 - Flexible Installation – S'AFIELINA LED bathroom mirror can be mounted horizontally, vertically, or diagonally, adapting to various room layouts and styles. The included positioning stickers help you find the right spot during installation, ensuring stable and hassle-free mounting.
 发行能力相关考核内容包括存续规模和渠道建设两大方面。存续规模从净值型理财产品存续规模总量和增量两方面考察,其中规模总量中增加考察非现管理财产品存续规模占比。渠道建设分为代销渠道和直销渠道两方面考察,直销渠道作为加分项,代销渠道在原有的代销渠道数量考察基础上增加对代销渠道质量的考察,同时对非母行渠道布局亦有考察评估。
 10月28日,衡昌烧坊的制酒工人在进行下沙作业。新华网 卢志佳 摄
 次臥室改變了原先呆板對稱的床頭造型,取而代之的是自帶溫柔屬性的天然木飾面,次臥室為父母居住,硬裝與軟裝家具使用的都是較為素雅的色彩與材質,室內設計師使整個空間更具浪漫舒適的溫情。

* * *

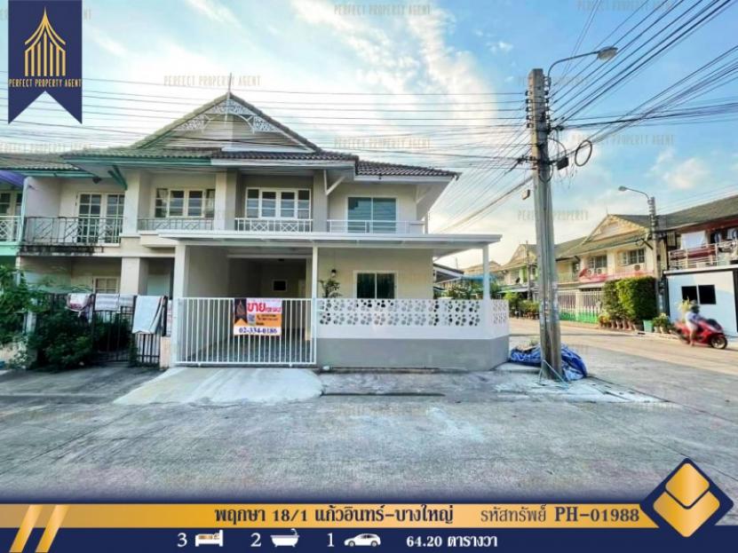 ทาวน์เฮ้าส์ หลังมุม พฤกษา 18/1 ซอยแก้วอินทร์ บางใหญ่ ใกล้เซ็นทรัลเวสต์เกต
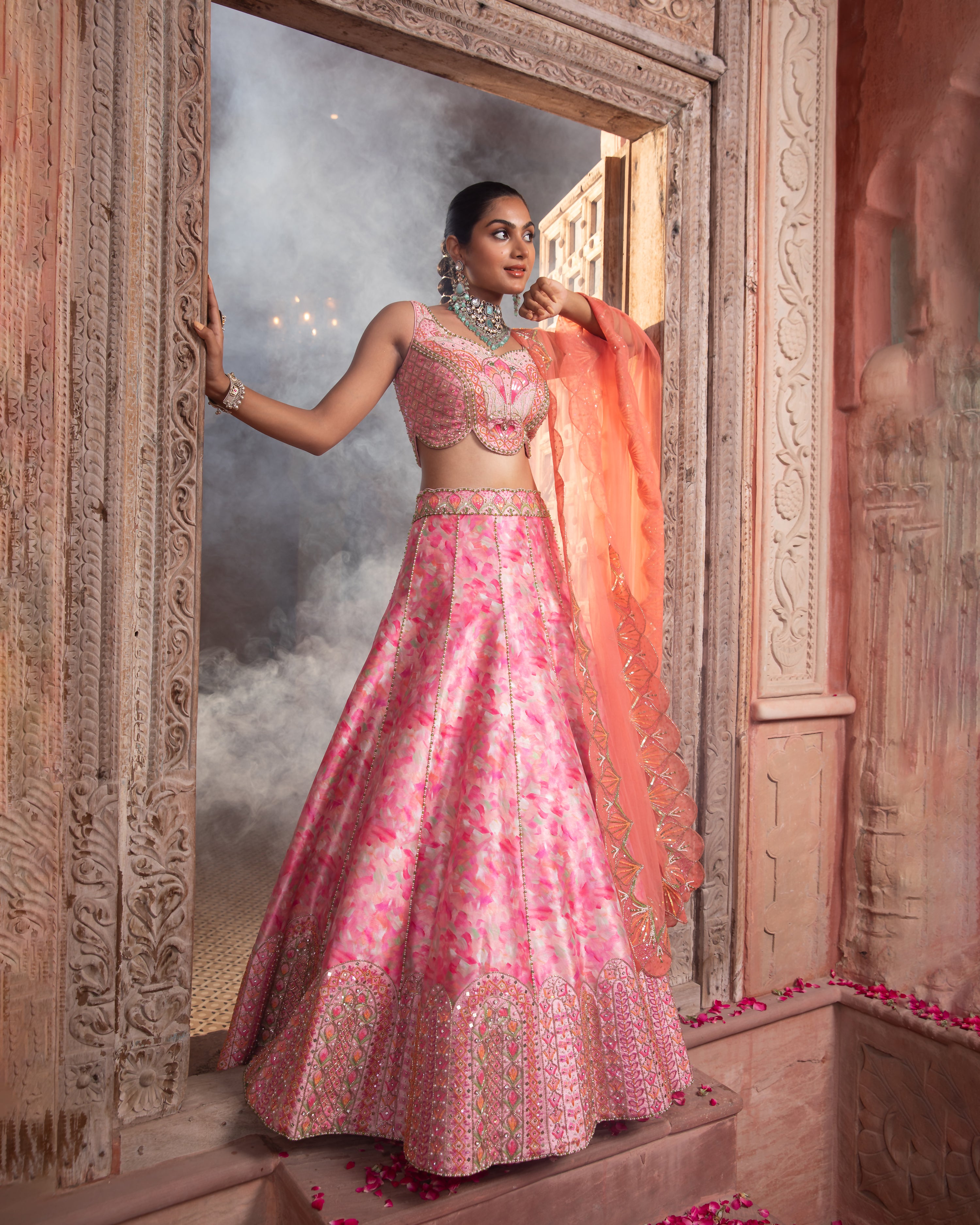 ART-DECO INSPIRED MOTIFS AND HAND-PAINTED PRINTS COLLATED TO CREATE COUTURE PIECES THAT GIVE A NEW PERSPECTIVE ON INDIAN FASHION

EXERCISE DETAILS:
Above are the records; from them, give again exactly the lines from the one containing "10月28日,衡昌烧坊的制酒工人在进行下沙作业。新华网 卢志佳 摄" through the one containing "次臥室改變了原先呆板對稱的床", both included.

WRITTEN RESPONSE:
 10月28日,衡昌烧坊的制酒工人在进行下沙作业。新华网 卢志佳 摄
 次臥室改變了原先呆板對稱的床頭造型,取而代之的是自帶溫柔屬性的天然木飾面,次臥室為父母居住,硬裝與軟裝家具使用的都是較為素雅的色彩與材質,室內設計師使整個空間更具浪漫舒適的溫情。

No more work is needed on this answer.